I would submit that this is not relevant either.  If Joe Random Hacker
can't follow instructions for downloading and building an additional
package then the chances are not high that he will be able to do any
real debugging.

It probably isn't really the case, but it sure seems like someone who
wants to build a debugger would be slightly more clueful than someone
who wants to build, e.g., mplayer.

Also, we're not talking about having to track down scores of packages,
we're talking about *one* package.  If we actually were talking about
adding about more packages it would actually make less sense to do
something like this.  'src' would be bloated and we'd be in constant
package update mode.

>Perhaps Chris and Daniel don't see any problem because they have the
>latest versions of everything on their machines, at all times.  From
>my point of view, about the worst annoyance of Free Software is what
>happens when I "./configure; make" just to find out that I need two
>more packages, which in turn want each one two more packages, which
>want yet some more ...
>
>This is where I usually tell myself "Welcome to Free Software, where
>maintainers care about users much less than they care about their own
>convenience".  (Present company excluded, of course.)

I have been in the dependency-chain situation MANY times before and I
have *exactly* the opposite feeling.  I'm actually pretty heartened to
see code reuse in the free software community when it could easily be
the other way around.  People could just be reimplementing, xml parsing
libraries endlessly rather than trying to use existing versions.

It sounds like you're advocating that every project which relies on
external libraries should include the source code for those libraries.
If that is the case, it means that we shouldn't bother with shared
libraries at all.  Every package would, instead, be bloated by the
inclusion of its own version of expat, and openssl, and libtiff, etc.

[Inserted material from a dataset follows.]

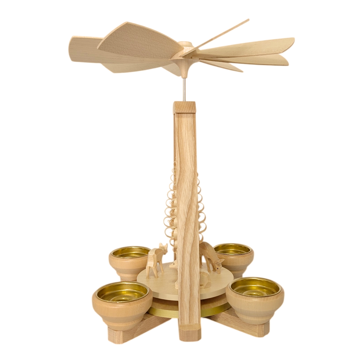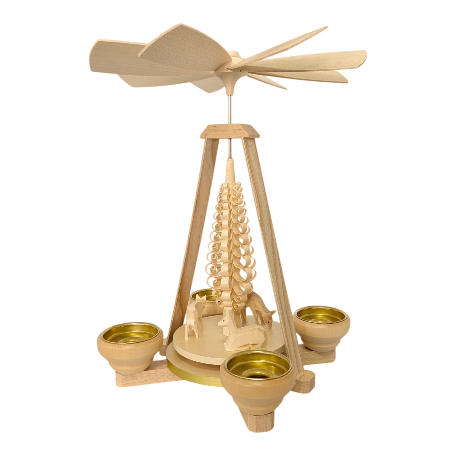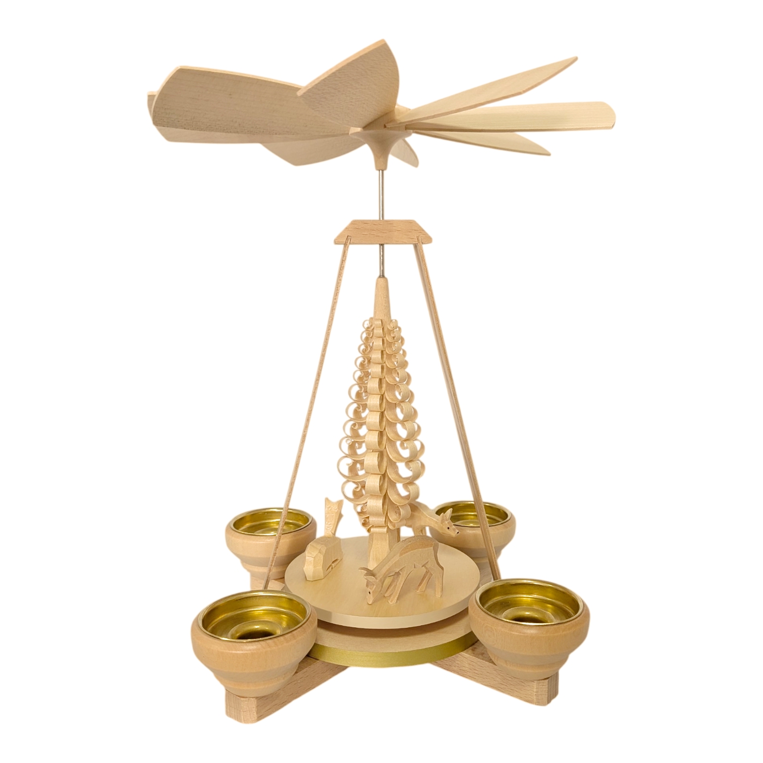 The tradition of Christmas pyramids comes from the Ore Mountains in Germany. It developed in the 18th century. Originally, Christmas pyramids were made from wood. These artistic structures rotate due to the rising heat of candles. The focus is usually on biblical scenes or winter motifs. The pyramids symbolize the light and hope of the Christmas season. In the past, they served as the forerunner of the Christmas tree. In the Ore Mountains, Christmas pyramids are an integral part of the festive decorations. They are often passed down from generation to generation. Each pyramid is an expression of traditional craftsmanship.

>In other words, when I download a package, I want it ideally to build
>out of the box, period.

IMO, that is an unrealistic expectation.

>No questions asked, and no additional prerequisites that could turn a
>simple build job into an agony that lasts the better part of my day,
>because each prerequisite package needs a bit of tweaking to build and
>install properly.  By contrast, when I get readline etc.  with GDB, I
>can be _certain_ that someone already tried and succeeded to build
>_this_ version of the library with _this_ configury and _this_ GDB
>release.

And, if you are on linux or windows, you can be certain that your
version of gdb has a different version of readline than every other
package on the system and that gdb is slightly bigger and possibly
slightly incompatible as a result.  I hate this about insight, also.
The problem is even worse there.  That is a standard problem with
including disparate versions of libraries.

But, where does this philosophy end?  Are you *really* advocating that
every shipping package should include the source code of any libraries
that they use?  So gdb should also include ncurses?

That seems wrong if for no other reason than bug fixes for the library
would require changing N packages rather than 1 package.